» DATA SECTION:
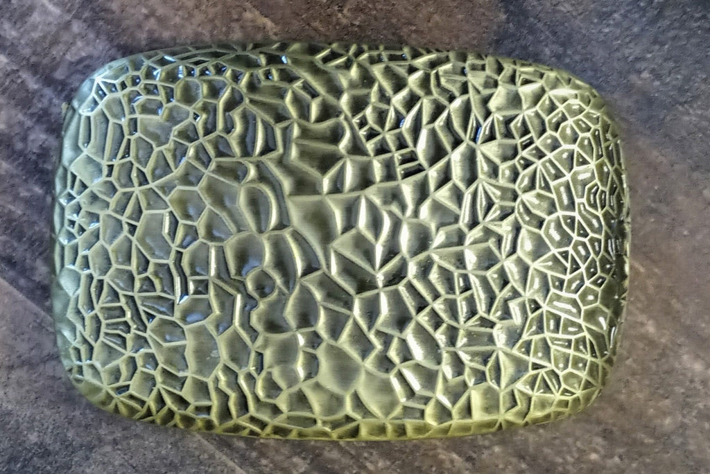 This buckle measures one and a half inches wide by three and one quarter inches long
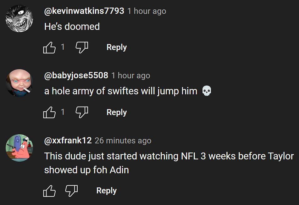 Adin Ross' statements about the Kansas City Chiefs and Taylor Swift have generated significant traction in the YouTube Shorts comment section. Here's a snippet of some notable ones:
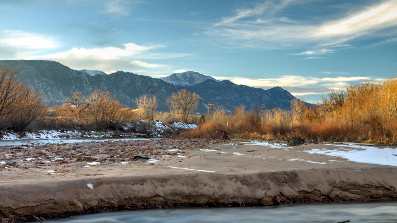 Wallpaper Stone river bank on a background of mountains under a blue sky
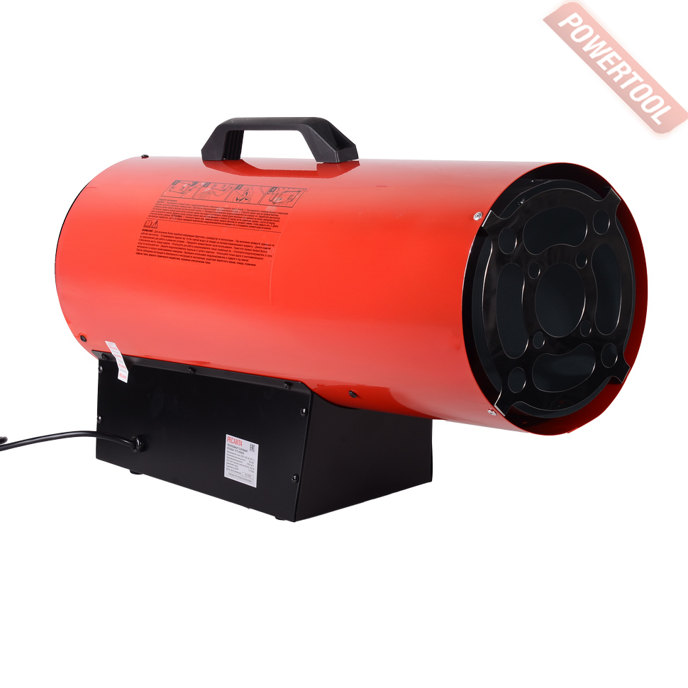 Газовая тепловая пушка РЕСАНТА ТГП-50000 - переносной обогреватель воздуха, работающий на газе, он быстро и эффективно обогревает большие площади. Это оборудование не требует больших затрат и капиталовложений. Газовые нагреватели воздуха широко применяются в помещениях с хорошей вентиляцией: на строительных площадках, заводах и в складских помещениях. Характерные особенности это полное использование топлива, а также обмен тепла благодаря непосредственному смешиванию входящего воздуха с продуктами сгорания. Что касается топлива, то для этих целей подходит баллон с пропаном или бутаном. Соответствующий шланг присоединяется через редуктор к вентилю баллона. Необходимо соблюдать все правила работы с газовыми баллонами. Также необходимо помнить, что процесс горения активно поглощает кислород, который жизненно необходим человеку. Поэтому помещения, где устанавливаются тепловые пушки, должны постоянно проветриваться и иметь хорошую вентиляцию. Для правильной работы обогреватель требует соответствующего количества свежего воздуха. Поэтому он предназначен для использования вне помещений или в помещениях с хорошей вентиляцией, где обеспечено соответствующее количество воздуха. Соответствующую вентиляцию можно обеспечить, приспосабливая обогревательную мощность прибора к площади помещения в соответствии со следующей пропорцией: 1 куб.м на каждые 100 Вт мощности. Ни в коем случае не рекомендуется, чтобы помещение было меньше, чем 100 куб.м. Соответствующий обмен воздуха может быть обеспечен благодаря вентиляционному отверстию, соответствующему следующим требованиям: величина 25 кв.см на 1 кВт обогревательной (минимум 250 кв.см) мощности, размещение точно между верхней и нижней частью помещения.

» DESCRIPTION OF THE TASK: Within the listing above, print exactly the stretch beginning at the line that contains "Adin Ross' statements" and finishing at the line that contains "Wallpaper Stone river", ends kept, pictures left out, and nothing more.

» EXERCISE RESPONSE:
 Adin Ross' statements about the Kansas City Chiefs and Taylor Swift have generated significant traction in the YouTube Shorts comment section. Here's a snippet of some notable ones:
 Wallpaper Stone river bank on a background of mountains under a blue sky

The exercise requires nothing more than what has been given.